The LAVA Salon at Musso & Frank was just named Best Literary Salon by Los
Angeles Magazine in its Best of L.A. issue.

The first Salon, featuring Dan Fante reading from his recent memoir, was a
rousing success, with Larry Wilson of the Pasadena Star-News observing "The
sold-out crowd spoke to our hunger for a Southern California literary
history." And of the second sold-out Salon, featuring "L.A. Noir" author
John Buntin discussing the true crime roots of Raymond Chandler's fiction,
Carolyn Kellogg noted in the L.A. Times that "someone who didn't know any
L.A. history would have found it to be a robust and welcoming introduction."
And at the third sold-out Salon, David Kipen celebrated the late work of F.
Scott Fitzgerald as Adrienne Crew reminded us that for all her sharpness,
Dorothy Parker had a genius for friendship.

The LAVA Salon at Musso & Frank is the brainchild of Kim Cooper & Richard
Schave, proprietors of literary and historic tour company Esotouric --
Raymond Chandler's Los Angeles, James M. Cain's Southern California
Nightmare, Charles Bukowski's Haunts of a Dirty Old Man, John Fante's Dreams
from Bunker Hill -- who through 2009-10 hosted a free cultural Salon on the
last Sunday of the month at Clifton's Cafeteria.

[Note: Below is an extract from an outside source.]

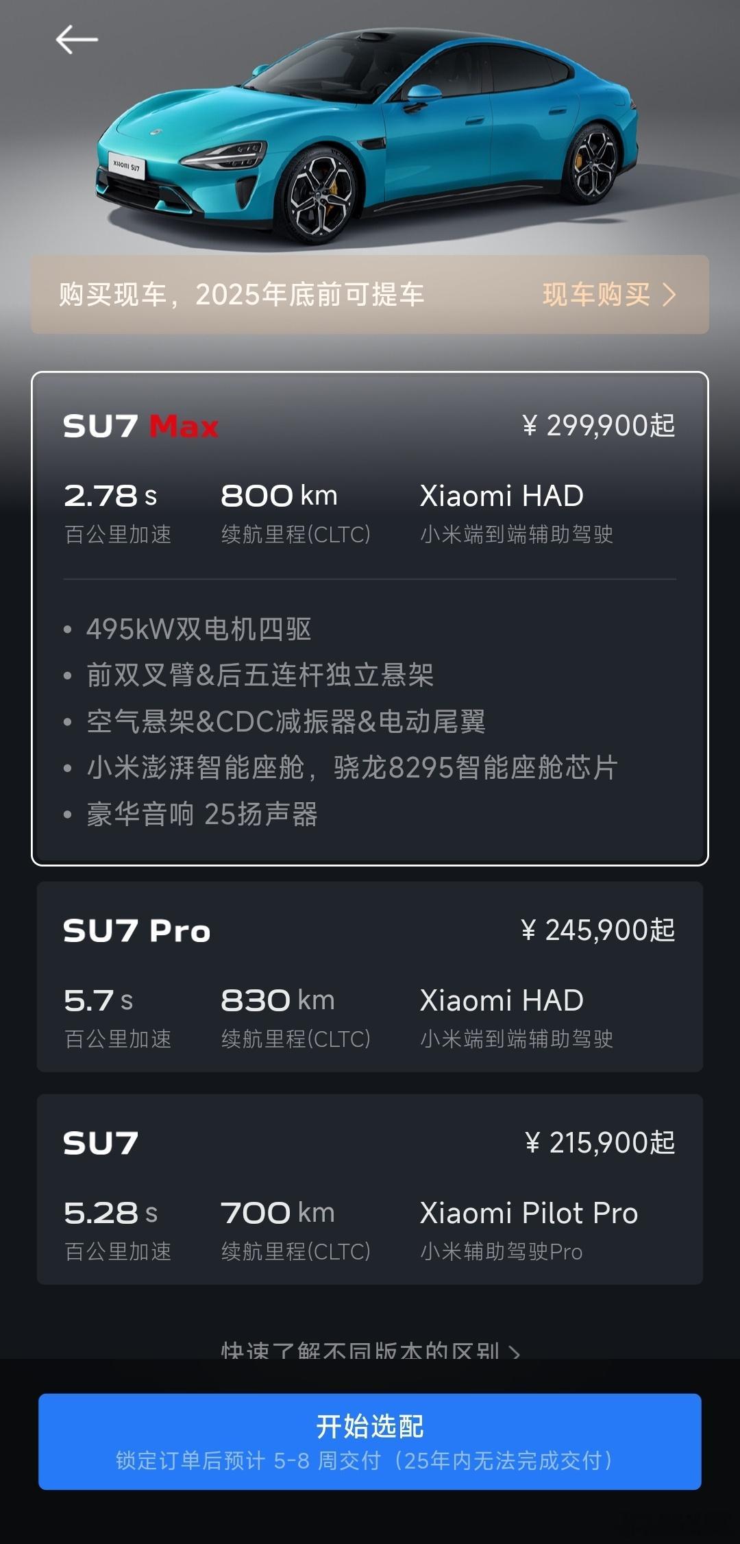看到一张海报,12月15日前,小米SU7购买指定配置,年内开票交付。也就是说,实际交付周期已经来到了2-3周。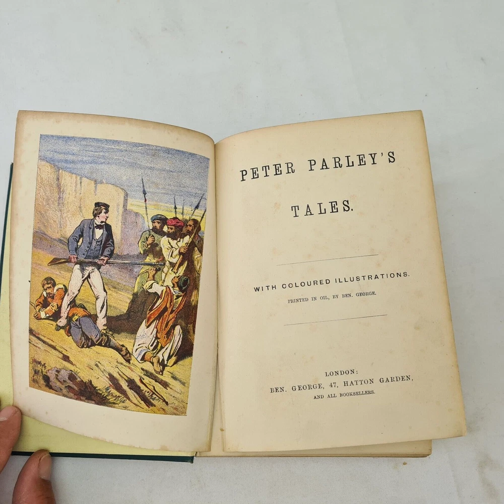 Undated Peter Parley Tales printed in London by Ben George. Includes several pages advertisments. Hardback in dark green, embossed with black ink and guilding. There is some separation to the first section as photographed, Otherwise Very Good Listing and template services provided by inkFrog

With the new series, LAVA
expands its congenial, intelligent and unpredictable cultural programming
into Hollywood with a quarterly literary Salon event held in Musso & Frank
on a night when the restaurant is closed to the general public. Seating is
extremely limited, and these intimate gatherings always sell out.

On Monday, October 15, you are invited to join Jim Tully's biographers Mark
Dawidziak and Paul Bauer for "Jim Tully: A Hobo in Hollywood," a night spent
exploring a fascinating Hollywood literary figure who star blazed brightly
through the 1930s, and unaccountably faded after his 1947 death.

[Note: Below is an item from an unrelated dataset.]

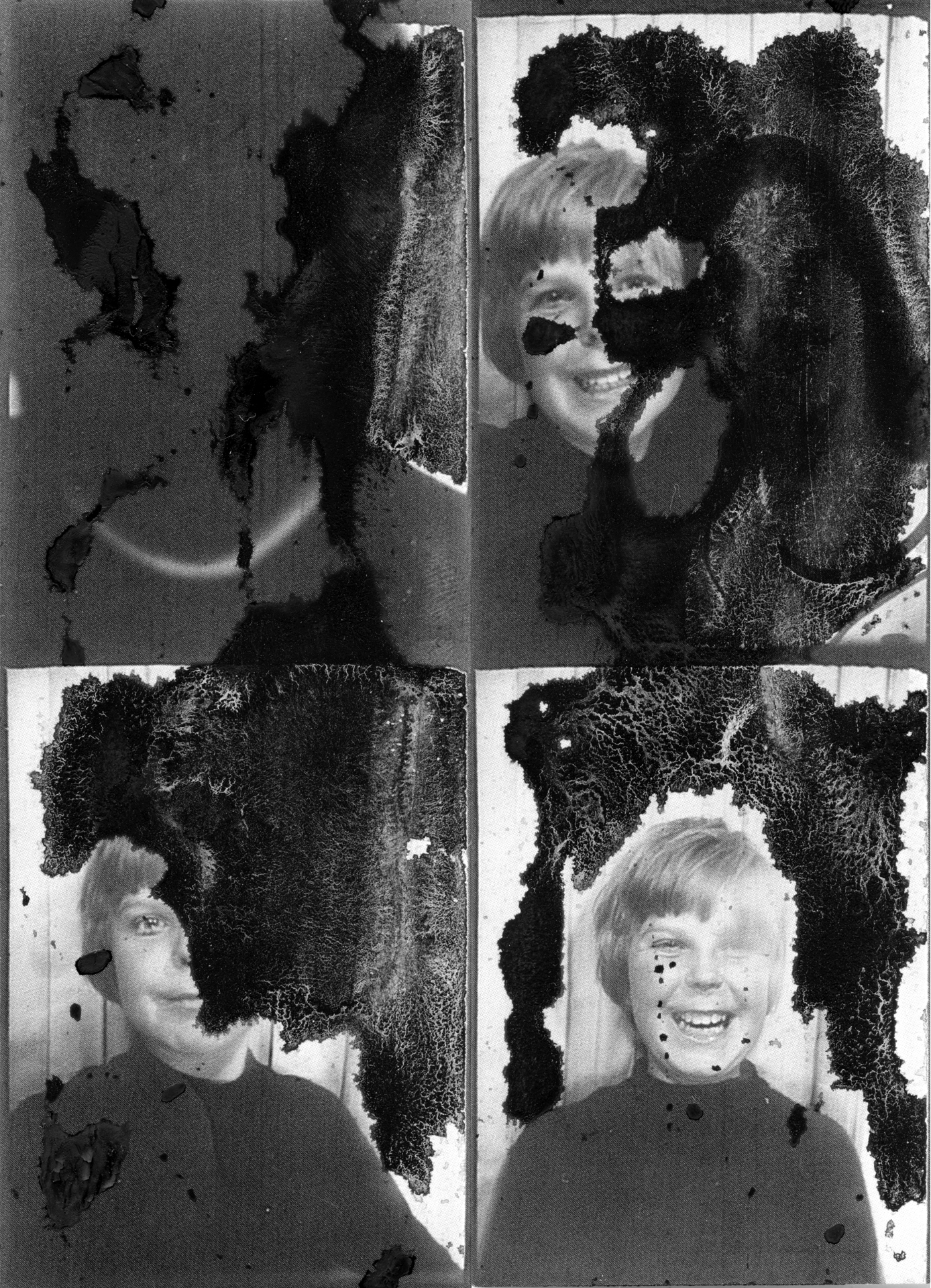 This work reconnects to the earliest and available form of selfies – the photobooth. These are a series of contemporised self-portraits, which investigate time, form, materiality, entropy and memory and the language of photography and preservation. The original photobooth images are self-portraits made in the 70’s and 80’s and accessed from my family snapshots and artist material archive.

The son of an Irish ditch-digger, Ohio-born Jim Tully (1886-1947) hit the
road in 1901, spending most of his teenage years in the company of hoboes.
While chasing his dream of becoming a writer, Tully rode the rails and
worked as a tree surgeon, boxer, and newspaper reporter. All the while, he
was crafting his memories into a dark and original chronicle of the American
underclass. When he began to set his experiences onto paper in a style that
was hard-boiled before the genre existed, he became a literary sensation.

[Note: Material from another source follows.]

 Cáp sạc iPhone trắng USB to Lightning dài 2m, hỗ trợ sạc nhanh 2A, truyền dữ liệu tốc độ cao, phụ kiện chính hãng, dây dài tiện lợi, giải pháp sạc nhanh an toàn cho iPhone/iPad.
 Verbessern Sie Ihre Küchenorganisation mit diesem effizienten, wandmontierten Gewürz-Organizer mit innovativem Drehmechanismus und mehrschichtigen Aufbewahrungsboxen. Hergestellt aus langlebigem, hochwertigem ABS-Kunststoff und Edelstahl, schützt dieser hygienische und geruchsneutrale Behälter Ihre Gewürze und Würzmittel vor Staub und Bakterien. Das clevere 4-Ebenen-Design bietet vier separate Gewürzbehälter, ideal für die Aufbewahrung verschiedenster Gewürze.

At October's Salon, Jim Tully's biographers Mark Dawidziak and Paul Bauer
will seek to answer the fundamental question: "Why isn't Jim Tully still a
household name?" Tully exploded onto the scene with a stream of critically
acclaimed novels, among them "Beggars of Life" (1924), "Circus Parade"
(1927), "Shanty Irish" (1928), "Shadows of Men" (1930) and "Blood on the
Moon" (1931). Yet the books were out-of-print for decades, their author
forgotten.

To answer this question, Mark Dawidziak and Paul Bauer must look to the
Hollywood of 1912, to the sleepy little suburb that Tully found and watched
grow up around him, as he built his incongruous twin careers as motion
picture publicist and independent writer. From his piercing insights into
and deep ambivalence toward his longtime employer, Charlie Chaplin, to
anecdotes of great friendships with W. C. Fields, Jack Dempsey, Damon
Runyon, Lon Chaney, Frank Capra, and Erich von Stroheim, Tully exhibited a
lust for life which was only surpassed by his devotion to his craft. By
1930 Tully was a
major American author, and had launched a parallel career as a successful
journalist. Both his novels and journalistic exposés shook the country and
his peer group in Hollywood.

But Tully's novel "Ladies In The Parlor" (1935), was declared obscene and
most copies destroyed, and Chaplin successfully prevented Tully's publisher
from releasing a biography of the actor. By the mid-1940s, crippling
physical ailments and family heartbreak left the writer on the ropes. With
his death in 1947, his name quietly slipped from the front ranks of American
Letters and into obscurity.

Since 2009, Kent State University Press has been rectifying this long
neglect with a series of Tully reprints. And in 2011, it published Mark
Dawidziak and Paul Bauer's definitive biography, "Jim Tully: American
Writer, Irish Rover, Hollywood Brawler," drawing on new information found in
the Tully papers at UCLA Special Collections.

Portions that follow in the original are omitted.